80 ml (⅓ cup) dark rum, cold

7

480 ml (2 cups) cups whipping cream, cold

8

480 ml (2 cups) milk, cold

Instructions
Step-by-step guide to making this recipe
1

Whip the eggs for 2 or 3 minutes with an electric mixer at medium speed until very frothy.

3 minutes

2

Gradually beat in the sugar, vanilla, and nutmeg.

3

Turn the mixer off and stir in the cold brandy, rum, whipping cream, and milk.

4

Chill well.

5

To serve, sprinkle individual servings with more nutmeg.

Notes
  • The brandy may be replaced with dark rum.
  • Separate egg yolks from egg whites.
  • Beat egg yolks first, allowing them to lighten in color.
  • Gradually beat in 1 cup sugar, vanilla, and nutmeg.
  • Turn the mixer off and add liquids.
  • Beat egg whites separately, adding the 1 T sugar when peaks form.
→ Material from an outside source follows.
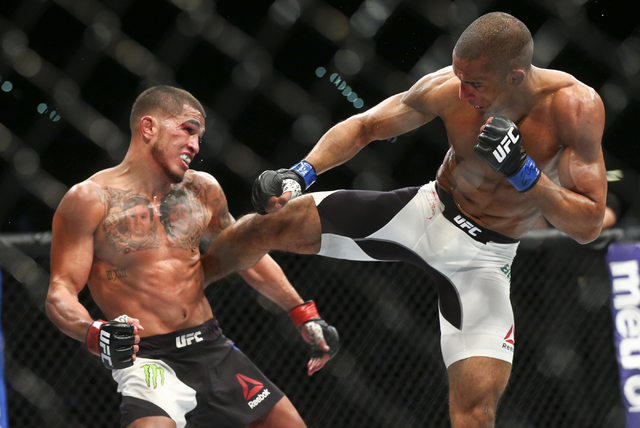6) Underrated toughness – When discussing Anthony Pettis, words like dynamic, creative, fast, talented, and offensive are all used; these highlight the physical gifts he has been blessed with and the variety of ways he takes advantage of them in the course of a mixed martial arts fight. But what is rarely given any attention is the mental and physical toughness that accompanies these other gifts he possesses. In ten and a half years of fighting; essentially fighting the best prospects and veterans in the world, he has only been stopped once. That stoppage loss came as a weight-drained Pettis, who missed weight and forfeited his opportunity to fight for the featherweight title, faced Max “Blessed” Holloway, a fighter known for the blistering pace he sets and the ridiculous amount of volume he generates. The current UFC Featherweight Champion and owner of the longest win streak in the division outworked Pettis and won by stoppage as a result of strikes, namely body shots.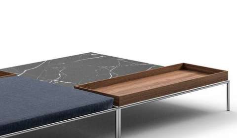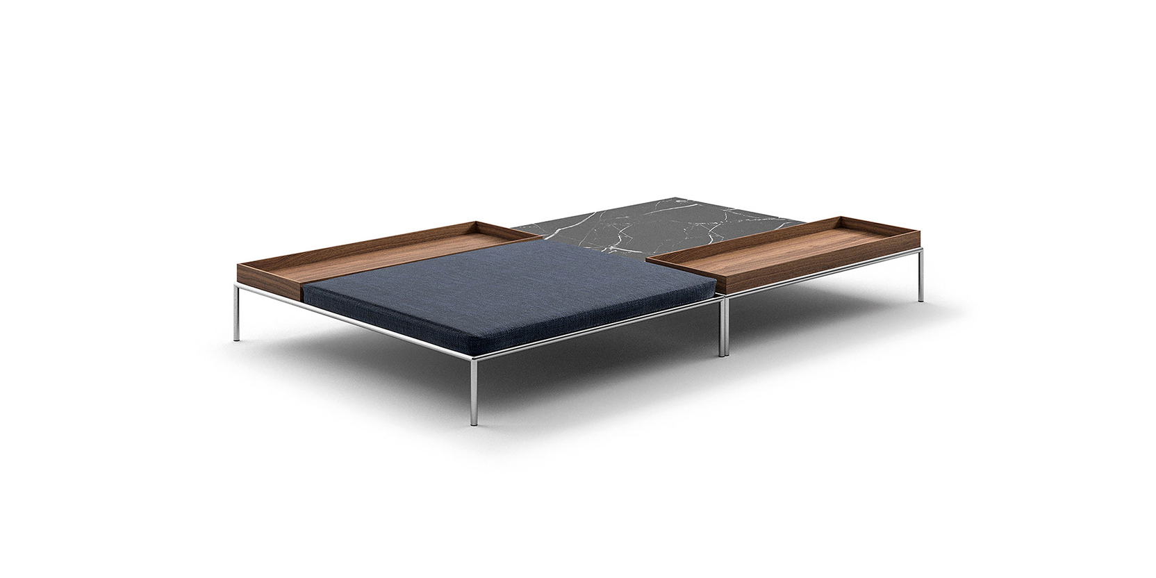 完善 Mex-Hi 系统的设计坐垫凳/咖啡桌是一种多功能元素,由于其模块化,适用于现代家具的多个空间和配置。

Continue beating until peaks stiffen.
  • Whisk egg whites into the main mixture.
  • Chill and serve.
  • Heat milk and cream to scalding. If you wish to make a lower-alcohol version, mix in the liqueurs before scalding to cook out the alcohol.
  • Temper the beaten and sweetened egg yolks with the hot milk, before mixing the two.